■ Data supplied
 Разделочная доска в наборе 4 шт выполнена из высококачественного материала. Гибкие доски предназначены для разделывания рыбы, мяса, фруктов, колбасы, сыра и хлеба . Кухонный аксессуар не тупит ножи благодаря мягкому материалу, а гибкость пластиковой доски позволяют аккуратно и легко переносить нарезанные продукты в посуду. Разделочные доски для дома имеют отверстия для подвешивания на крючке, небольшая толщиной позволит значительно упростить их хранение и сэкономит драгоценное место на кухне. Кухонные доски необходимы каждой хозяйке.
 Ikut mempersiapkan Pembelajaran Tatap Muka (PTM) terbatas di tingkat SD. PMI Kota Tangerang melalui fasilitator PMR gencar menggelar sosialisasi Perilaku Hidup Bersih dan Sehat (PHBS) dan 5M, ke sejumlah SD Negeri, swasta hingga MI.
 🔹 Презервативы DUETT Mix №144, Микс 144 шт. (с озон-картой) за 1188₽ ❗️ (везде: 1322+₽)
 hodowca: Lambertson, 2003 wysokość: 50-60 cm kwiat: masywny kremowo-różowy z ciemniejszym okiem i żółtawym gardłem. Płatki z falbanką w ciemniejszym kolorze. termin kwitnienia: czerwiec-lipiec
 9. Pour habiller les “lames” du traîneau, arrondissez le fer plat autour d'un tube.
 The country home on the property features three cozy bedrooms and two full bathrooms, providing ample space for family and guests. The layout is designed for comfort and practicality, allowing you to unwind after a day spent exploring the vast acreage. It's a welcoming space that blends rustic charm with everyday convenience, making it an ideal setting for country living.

==

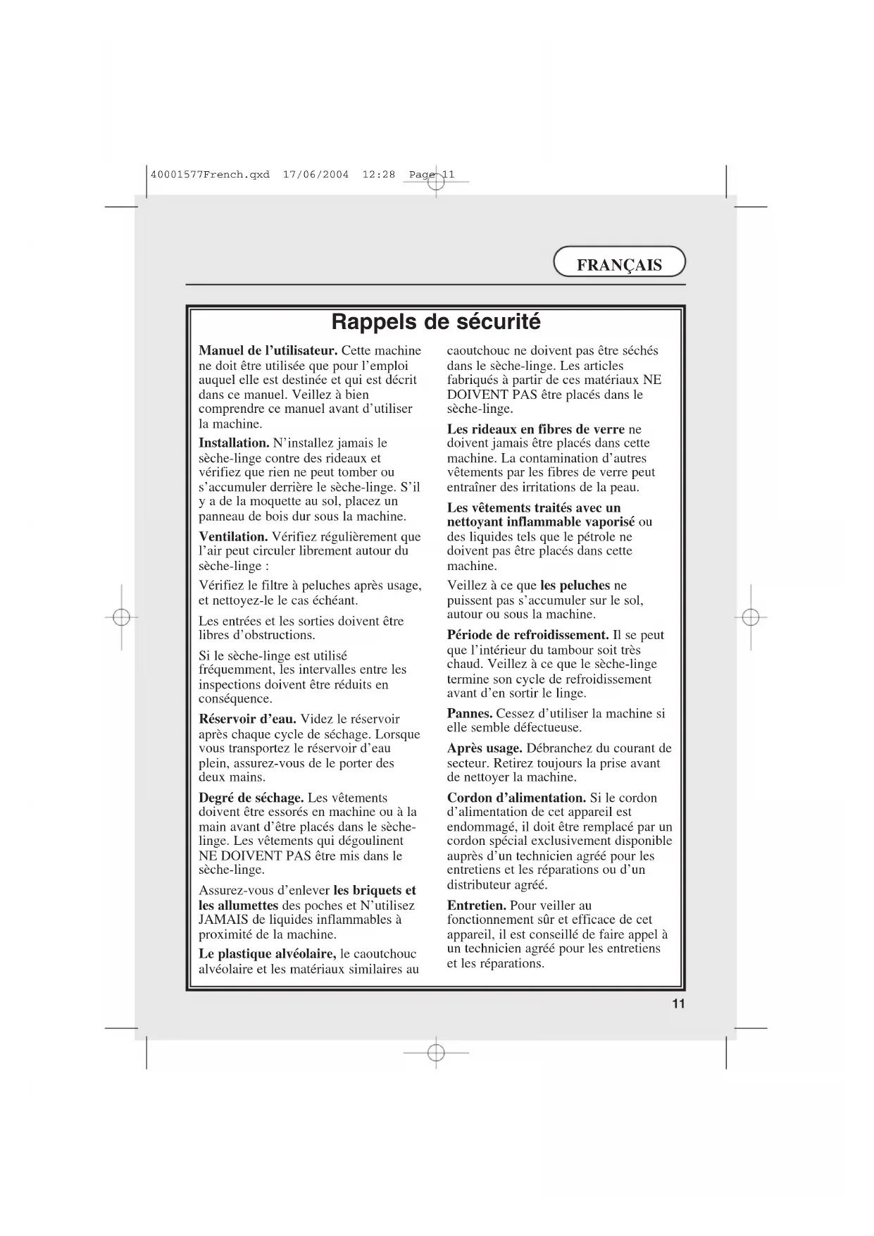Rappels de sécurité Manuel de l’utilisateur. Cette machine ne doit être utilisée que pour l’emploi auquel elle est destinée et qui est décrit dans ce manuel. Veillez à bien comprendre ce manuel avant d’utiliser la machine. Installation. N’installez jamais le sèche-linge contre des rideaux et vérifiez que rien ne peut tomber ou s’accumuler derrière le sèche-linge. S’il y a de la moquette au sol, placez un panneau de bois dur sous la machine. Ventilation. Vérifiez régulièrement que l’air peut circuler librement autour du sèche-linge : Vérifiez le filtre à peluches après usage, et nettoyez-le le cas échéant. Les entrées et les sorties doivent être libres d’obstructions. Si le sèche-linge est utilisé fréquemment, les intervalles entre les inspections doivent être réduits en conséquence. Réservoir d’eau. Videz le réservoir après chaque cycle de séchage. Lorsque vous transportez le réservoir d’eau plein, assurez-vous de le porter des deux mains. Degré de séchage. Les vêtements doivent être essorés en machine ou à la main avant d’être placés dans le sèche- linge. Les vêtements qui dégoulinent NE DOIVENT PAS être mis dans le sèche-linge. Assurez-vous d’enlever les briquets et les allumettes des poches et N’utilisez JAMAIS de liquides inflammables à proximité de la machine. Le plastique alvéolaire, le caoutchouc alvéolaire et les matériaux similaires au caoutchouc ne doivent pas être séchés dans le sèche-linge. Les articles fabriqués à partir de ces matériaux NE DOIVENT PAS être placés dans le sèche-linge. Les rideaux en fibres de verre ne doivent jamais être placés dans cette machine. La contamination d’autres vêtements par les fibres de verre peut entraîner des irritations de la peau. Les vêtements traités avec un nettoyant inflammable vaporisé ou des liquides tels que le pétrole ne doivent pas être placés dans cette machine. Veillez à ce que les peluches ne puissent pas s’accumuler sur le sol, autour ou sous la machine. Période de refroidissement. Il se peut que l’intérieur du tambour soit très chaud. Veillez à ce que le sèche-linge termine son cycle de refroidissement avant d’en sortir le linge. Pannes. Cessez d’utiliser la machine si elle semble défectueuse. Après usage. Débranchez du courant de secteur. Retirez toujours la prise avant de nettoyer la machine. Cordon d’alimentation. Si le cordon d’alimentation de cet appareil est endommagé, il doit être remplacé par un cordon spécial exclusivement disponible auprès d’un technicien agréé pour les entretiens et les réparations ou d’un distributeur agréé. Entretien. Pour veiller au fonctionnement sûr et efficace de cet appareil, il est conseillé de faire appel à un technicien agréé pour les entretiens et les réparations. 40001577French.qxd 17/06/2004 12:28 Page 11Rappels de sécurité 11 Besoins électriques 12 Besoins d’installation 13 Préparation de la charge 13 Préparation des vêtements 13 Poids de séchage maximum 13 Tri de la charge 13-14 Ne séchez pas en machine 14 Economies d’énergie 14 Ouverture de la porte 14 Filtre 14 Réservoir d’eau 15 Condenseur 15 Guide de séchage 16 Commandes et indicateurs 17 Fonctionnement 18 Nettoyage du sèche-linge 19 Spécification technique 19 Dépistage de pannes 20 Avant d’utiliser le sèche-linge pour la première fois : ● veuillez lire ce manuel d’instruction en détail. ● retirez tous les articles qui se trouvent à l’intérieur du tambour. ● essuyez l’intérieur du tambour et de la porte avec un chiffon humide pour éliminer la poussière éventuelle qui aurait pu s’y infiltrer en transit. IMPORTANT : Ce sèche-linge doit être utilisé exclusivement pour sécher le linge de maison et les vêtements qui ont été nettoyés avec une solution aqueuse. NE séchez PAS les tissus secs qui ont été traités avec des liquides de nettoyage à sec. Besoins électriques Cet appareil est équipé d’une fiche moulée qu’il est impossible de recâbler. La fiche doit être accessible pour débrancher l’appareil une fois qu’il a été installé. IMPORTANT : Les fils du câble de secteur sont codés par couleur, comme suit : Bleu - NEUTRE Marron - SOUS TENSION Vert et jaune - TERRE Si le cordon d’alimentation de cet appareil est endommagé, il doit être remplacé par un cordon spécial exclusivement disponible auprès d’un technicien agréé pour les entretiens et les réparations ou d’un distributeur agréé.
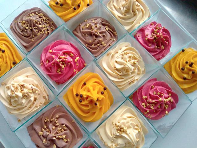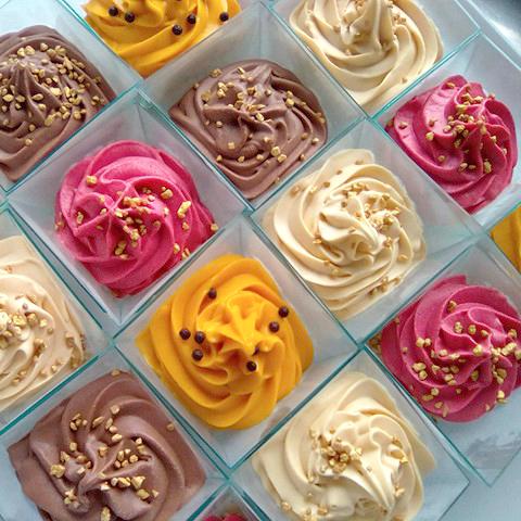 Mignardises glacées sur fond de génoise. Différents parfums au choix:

■ Your goal
Only the lines above from the line with "Разделочная доска в" to the line with "The country home", those two lines included, should be reproduced exactly.

■ Your response
 Разделочная доска в наборе 4 шт выполнена из высококачественного материала. Гибкие доски предназначены для разделывания рыбы, мяса, фруктов, колбасы, сыра и хлеба . Кухонный аксессуар не тупит ножи благодаря мягкому материалу, а гибкость пластиковой доски позволяют аккуратно и легко переносить нарезанные продукты в посуду. Разделочные доски для дома имеют отверстия для подвешивания на крючке, небольшая толщиной позволит значительно упростить их хранение и сэкономит драгоценное место на кухне. Кухонные доски необходимы каждой хозяйке.
 Ikut mempersiapkan Pembelajaran Tatap Muka (PTM) terbatas di tingkat SD. PMI Kota Tangerang melalui fasilitator PMR gencar menggelar sosialisasi Perilaku Hidup Bersih dan Sehat (PHBS) dan 5M, ke sejumlah SD Negeri, swasta hingga MI.
 🔹 Презервативы DUETT Mix №144, Микс 144 шт. (с озон-картой) за 1188₽ ❗️ (везде: 1322+₽)
 hodowca: Lambertson, 2003 wysokość: 50-60 cm kwiat: masywny kremowo-różowy z ciemniejszym okiem i żółtawym gardłem. Płatki z falbanką w ciemniejszym kolorze. termin kwitnienia: czerwiec-lipiec
 9. Pour habiller les “lames” du traîneau, arrondissez le fer plat autour d'un tube.
 The country home on the property features three cozy bedrooms and two full bathrooms, providing ample space for family and guests. The layout is designed for comfort and practicality, allowing you to unwind after a day spent exploring the vast acreage. It's a welcoming space that blends rustic charm with everyday convenience, making it an ideal setting for country living.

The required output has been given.